• SOURCE DATA
══════════════════════════════
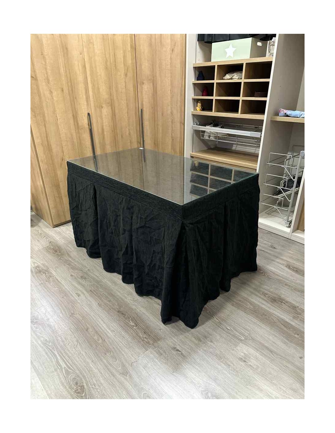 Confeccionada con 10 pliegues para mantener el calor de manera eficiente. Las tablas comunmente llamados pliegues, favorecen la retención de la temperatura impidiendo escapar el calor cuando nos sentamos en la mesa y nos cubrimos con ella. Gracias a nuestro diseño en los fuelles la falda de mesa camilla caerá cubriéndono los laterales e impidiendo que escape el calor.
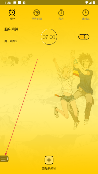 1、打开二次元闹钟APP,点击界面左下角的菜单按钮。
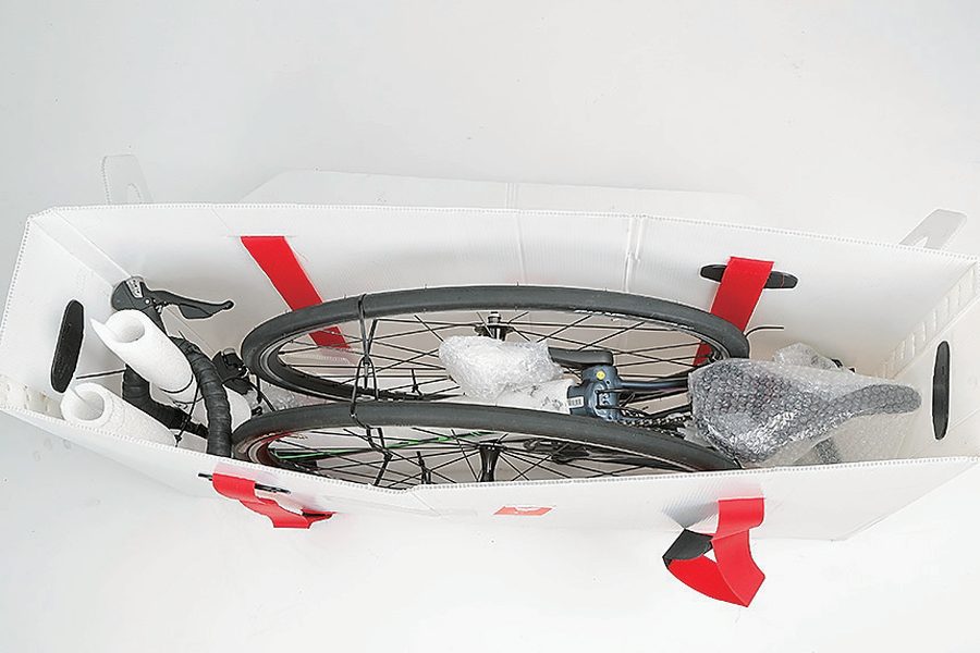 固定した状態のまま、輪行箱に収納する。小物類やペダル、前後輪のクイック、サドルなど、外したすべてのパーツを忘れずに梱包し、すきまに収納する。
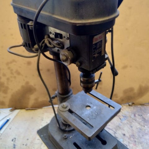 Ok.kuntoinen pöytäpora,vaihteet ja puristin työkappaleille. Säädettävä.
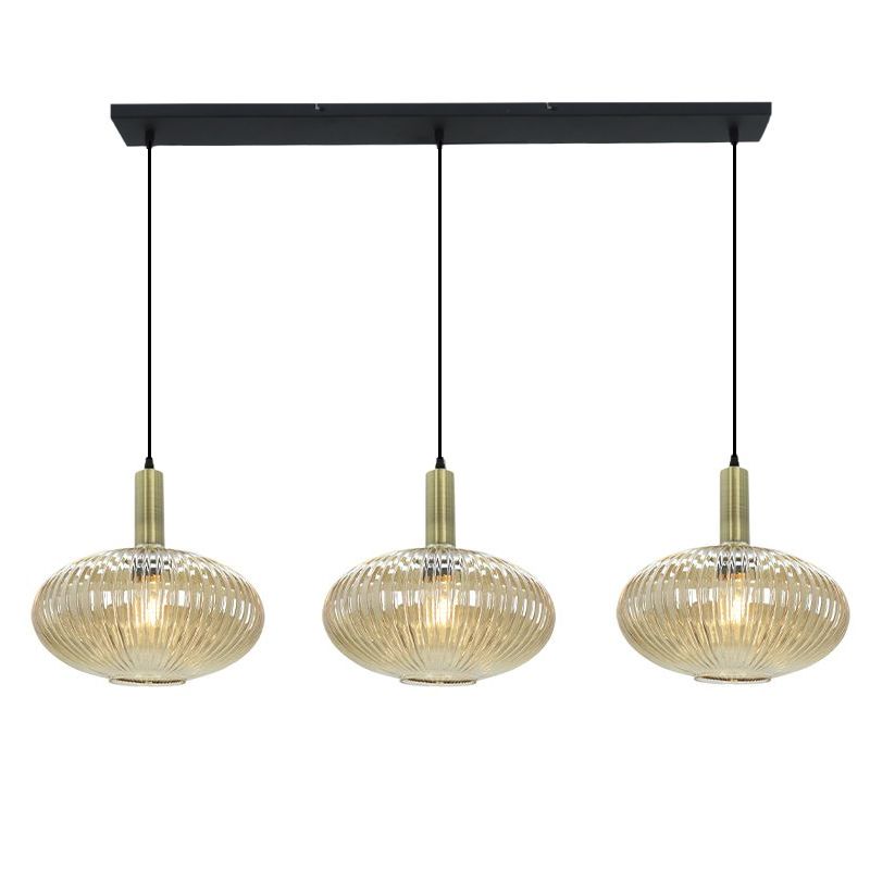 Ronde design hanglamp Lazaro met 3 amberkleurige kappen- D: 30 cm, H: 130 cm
══════════════════════════════
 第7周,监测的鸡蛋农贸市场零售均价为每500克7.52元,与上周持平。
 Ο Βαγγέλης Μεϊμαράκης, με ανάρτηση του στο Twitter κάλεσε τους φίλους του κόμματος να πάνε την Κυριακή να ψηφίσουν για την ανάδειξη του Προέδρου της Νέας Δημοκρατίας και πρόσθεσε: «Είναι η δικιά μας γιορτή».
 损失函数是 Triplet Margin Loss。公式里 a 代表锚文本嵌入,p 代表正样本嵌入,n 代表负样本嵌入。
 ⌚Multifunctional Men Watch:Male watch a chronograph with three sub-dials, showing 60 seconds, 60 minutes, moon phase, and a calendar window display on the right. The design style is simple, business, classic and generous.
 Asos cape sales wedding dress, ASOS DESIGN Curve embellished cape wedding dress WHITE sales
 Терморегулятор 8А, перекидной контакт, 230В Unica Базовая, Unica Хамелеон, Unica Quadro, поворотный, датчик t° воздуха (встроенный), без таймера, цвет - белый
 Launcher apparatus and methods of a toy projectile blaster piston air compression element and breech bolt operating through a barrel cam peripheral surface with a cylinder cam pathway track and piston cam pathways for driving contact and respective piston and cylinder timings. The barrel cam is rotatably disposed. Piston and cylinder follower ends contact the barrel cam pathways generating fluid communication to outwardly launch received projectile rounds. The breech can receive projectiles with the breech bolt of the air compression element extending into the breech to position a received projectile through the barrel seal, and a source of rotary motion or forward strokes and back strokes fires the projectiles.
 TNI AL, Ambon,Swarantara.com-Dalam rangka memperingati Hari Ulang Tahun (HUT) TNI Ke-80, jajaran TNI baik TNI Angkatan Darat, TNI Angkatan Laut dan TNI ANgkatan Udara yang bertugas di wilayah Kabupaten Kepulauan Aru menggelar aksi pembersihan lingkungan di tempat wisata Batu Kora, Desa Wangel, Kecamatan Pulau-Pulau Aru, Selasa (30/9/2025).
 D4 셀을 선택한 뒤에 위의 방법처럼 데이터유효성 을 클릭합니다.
══════════════════════════════
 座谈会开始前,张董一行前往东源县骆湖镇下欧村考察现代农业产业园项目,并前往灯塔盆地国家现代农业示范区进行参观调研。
══════════════════════════════
• TASK DETAILS
Pictures are to be left out. Write out only the lines above starting at the one with "1、打开二次元闹钟APP,点击界面左下角的菜单按钮。" and ending at the one with "Ronde design hanglamp", both lines included, exactly.

• OUTPUT BELOW
 1、打开二次元闹钟APP,点击界面左下角的菜单按钮。
 固定した状態のまま、輪行箱に収納する。小物類やペダル、前後輪のクイック、サドルなど、外したすべてのパーツを忘れずに梱包し、すきまに収納する。
 Ok.kuntoinen pöytäpora,vaihteet ja puristin työkappaleille. Säädettävä.
 Ronde design hanglamp Lazaro met 3 amberkleurige kappen- D: 30 cm, H: 130 cm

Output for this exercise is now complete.